Now by the Stirling's formula, it is easy to check that

$$ \frac{\Gamma(n-\alpha)}{n!} \sim \frac{1}{n^{\alpha+1}}. \tag{*} $$

This estimate shows that for $\alpha \in \Bbb{C} \setminus \{0, 1, 2, \cdots \}$, we have the followings:

  • If $\Re(\alpha) \leq -1$, then the series $\sum_{n=0}^{\infty} \binom{\alpha}{n}$ diverges since the general term does not converge to 0.

  • If $\Re(\alpha) > 0$, then the series $\sum_{n=0}^{\infty} \binom{\alpha}{n}$ converges absolutely by the limit comparison test.

  • If $-1 < \Re(\alpha) \leq 0$, then paring the $(2k)$-th term and the $(2k+1)$-th term improves the decay speed:

    $$ \frac{\Gamma(2k-\alpha)}{(2k)!} - \frac{\Gamma(2k+1-\alpha)}{(2k+1)!} = \frac{\alpha+1}{2k+1} \frac{\Gamma(2k-\alpha)}{(2k)!} \sim \frac{\alpha+1}{(2k)^{\alpha+2}}. $$

    Thus the series $\sum_{n=0}^{\infty} \binom{\alpha}{n}$ converges. Since this does not converge absolutely, the series converges conditionally.


Remark 1. The map $z \mapsto 1/\Gamma(z)$ is an entire function having zero exactly at $z = 0, -1, -2, \cdots$. This guarantees that $1/\Gamma(-\alpha)$ never vanishes whenever $\alpha \neq 0, 1, 2, \cdots$.

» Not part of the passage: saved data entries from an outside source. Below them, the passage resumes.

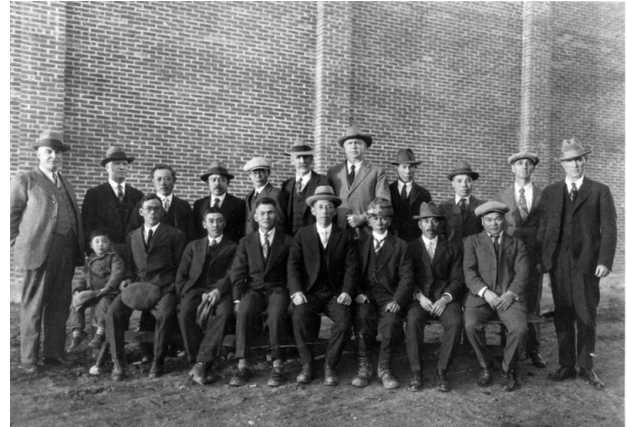
This photograph commemorates land and business transactions between the Japanese and The Church of Latter-Day Saints. The building housing the Raymond Buddhist Church was a former Church of Latter-Day Saints schoolhouse. Southern Alberta was home to a large and influential Church of Latter-Day Saints settler presence. Japanese maintained cordial and co-operative relations with this community who shared similar outsider status.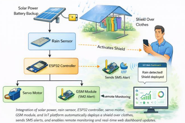
Fig 1.3 Implementation Architecture of Solar-Powered Smart Rain Shield with SMS Alert and Web Monitoring.

Simultaneously, the IoT platform updates real-time data on a web dashboard, allowing users to remotely monitor rain status, shield position, battery level, and overall system condition from any location. The integration of solar power with battery backup ensures uninterrupted operation even during power outages.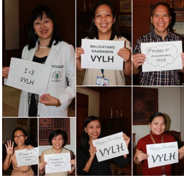
Supporters and partners of VYLH Philippines flash fan signs, greeting the Network on its fourth founding anniversary.

uly 18, 2009, a spark ignites. July 18, 2013, four years after, VYLH Milestones the Volunteer Youth Leaders for Health (VYLH) is now a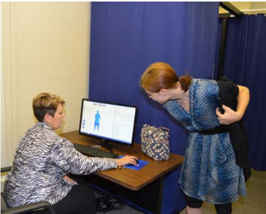
Two TAM graduate faculty examining results from the departmental 4-D body scanner.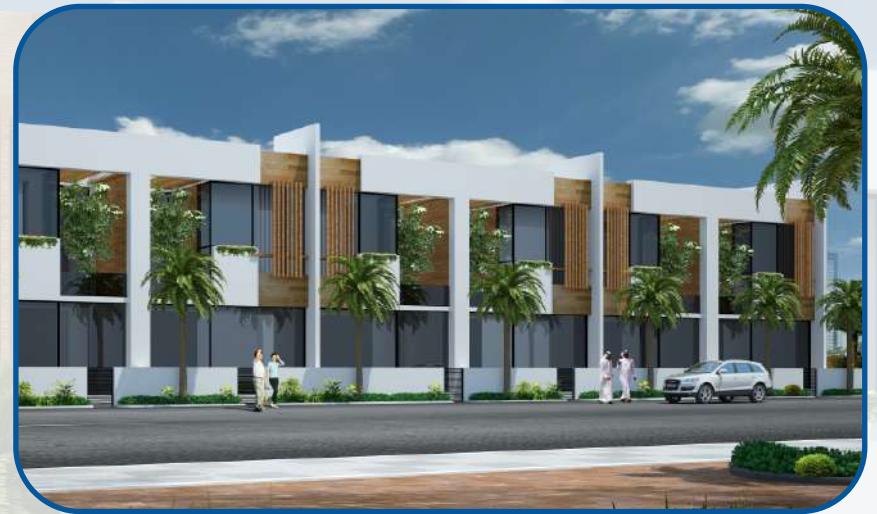
G+1+R Group of Residential Villa's (7 Nos) Al Furjan, Jebel Ali First, Dubai - UAE.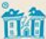
The Sound and the Fury William Faulkner, 1929 Oxford, MS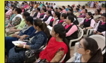
The attentive audience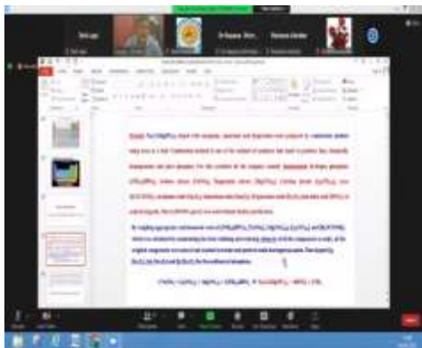
Day 4-Session I: Speaker Dr.Sanjay Dhobale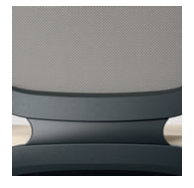
Flexible. The backrest follows the lateral movements of the user flexible in all directions and offers optimal support.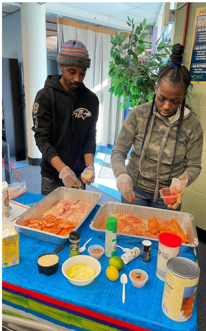
Maryland Snap-Ed participants learn healthy cooking methods through hands-on food preparation lessons and smart shopping tips to create healthy, affordable meals for their families. Participants (shown above).

SNAP-Ed connects local producers and farmers' markets with low-income Marylanders to increase access to locally grown fruits and vegetables.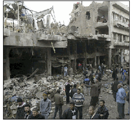
Destruction from the bombing of Baghdad.

Like Belgrade in 1999, Baghdad began to suffer the ire of the Jesuit controlled Pentagon when that nation was bombed and invaded in March, 2003.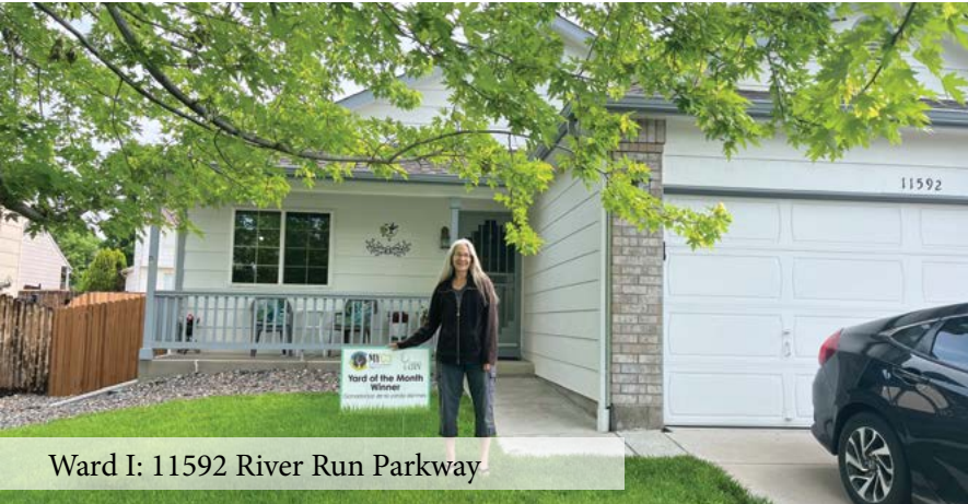
Ward I: 11592 River Run Parkway

We are proud to recognize our first set of winners for the 2025 season: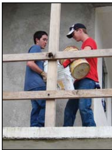
In 2010, our students were in mission in Lake Charles, La., San Marcos, and Guatemala.

Our senior high students will be working with the Tennessee Conference of the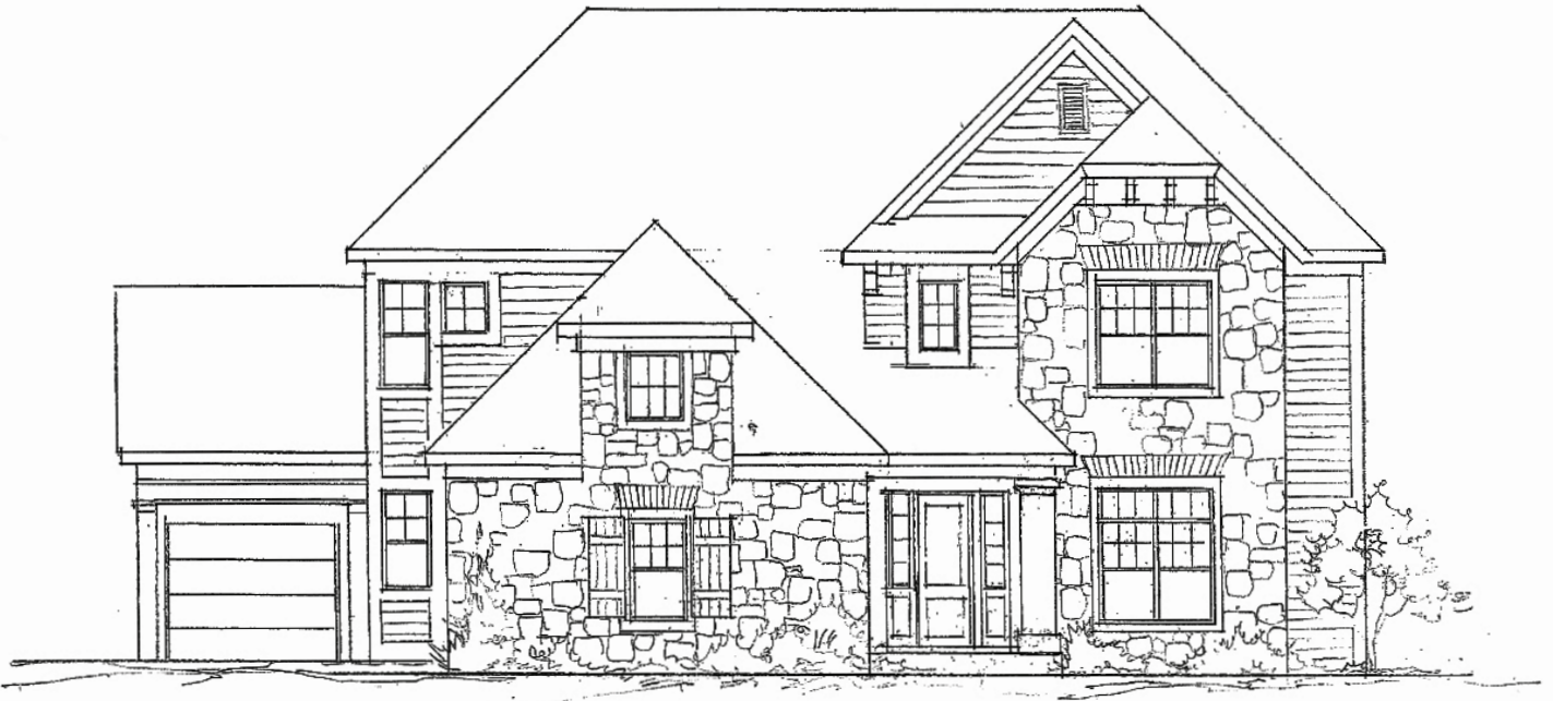
FRONT ELEVATION - KENNEDY

Remark 2. A weaker version of the estimate $\text{(*)}$, namely

$$ \frac{c}{n^{\Re(\alpha)+1}} \leq \left| \frac{\Gamma(n-\alpha)}{n!} \right| \leq \frac{C}{n^{\Re(\alpha)+1}} $$

for some constants $C > c > 0$ depending only on $\alpha$, can be obtained by a much elementary analysis. This weaker version is enough for our solution.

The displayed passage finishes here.